Part 1 consisted of building a classification tree with the “party” package. I will now use “ipred” to examine the same data with a bagging (bootstrap aggregation) algorithm.

> library(ipred)

> train_bag = bagging(class ~ ., data=train, coob=T)

> train_bag

Bagging classification trees with 25 bootstrap replications

Call: bagging.data.frame(formula = class ~ ., data = train, coob = T)

Out-of-bag estimate of misclassification error: 0.0424

> table(predict(train_bag), train$class)

benign malignant

benign 290 9

malignant 11 162

> testbag = predict(train_bag, newdata=test)

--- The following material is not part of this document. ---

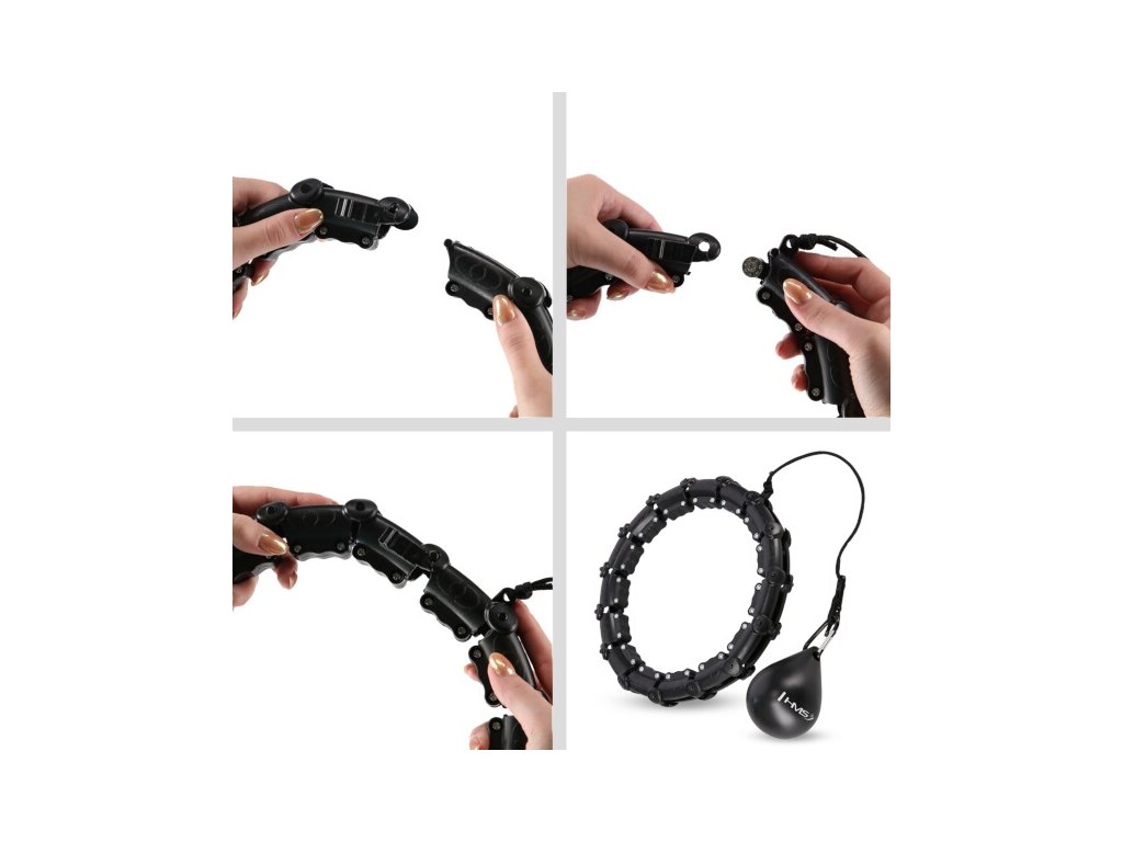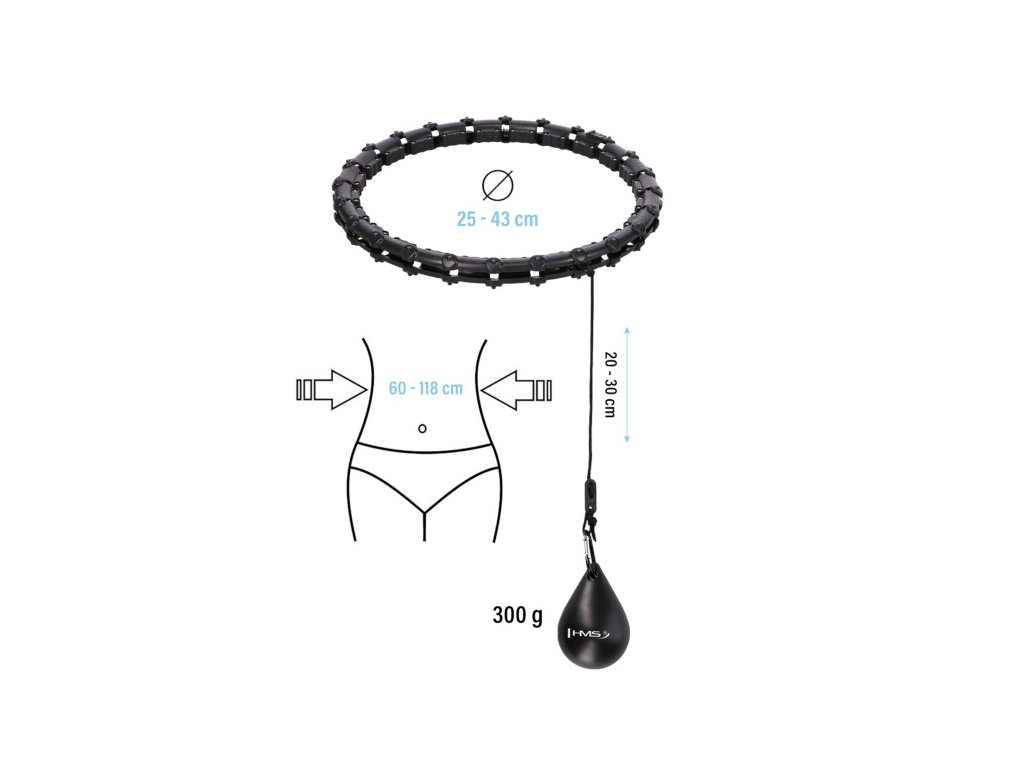 HMS HHW02 je obruč s nastaviteľnou dĺžkou, masážnymi výstupkami a rotačným závažím.

> table(testbag, test$class)

testbag benign malignant

benign 137 1

malignant 6 67

If you compare the confusion matrices from this week to the prior post, what do you think?

Let’s recall the prior ROC curve and combine it with the bagged model.

#prepare bagged model for curve

> test.bagprob = predict(train_bag, type = “prob”, newdata = test)

> bagpred = prediction(test.bagprob[,2], test$class)

> bagperf = performance(bagpred, “tpr”, “fpr”)

> plot(perf, main=”ROC”, colorize=T)

> plot(bagperf, col=2, add=TRUE)

> plot(perf, col=1, add=TRUE)

> legend(0.6, 0.6, c(‘ctree’, ‘bagging’), 1:2)

As we could see from glancing at the confusion matrices, the bagged model outperforms the standard tree model. Finally, let’s have a look at the AUC (.992 with bagging versus .985 last time around)

> auc.curve = performance(bagpred, “auc”)

> auc.curve

An object of class “performance”

Slot “x.name”:

[1] “None”

Slot “y.name”:

[1] “Area under the ROC curve”

Slot “alpha.name”:

[1] “none”

Slot “x.values”:

list()

Slot “y.values”:

[[1]]

[**1] 0.9918244**

Slot “alpha.values”:

list()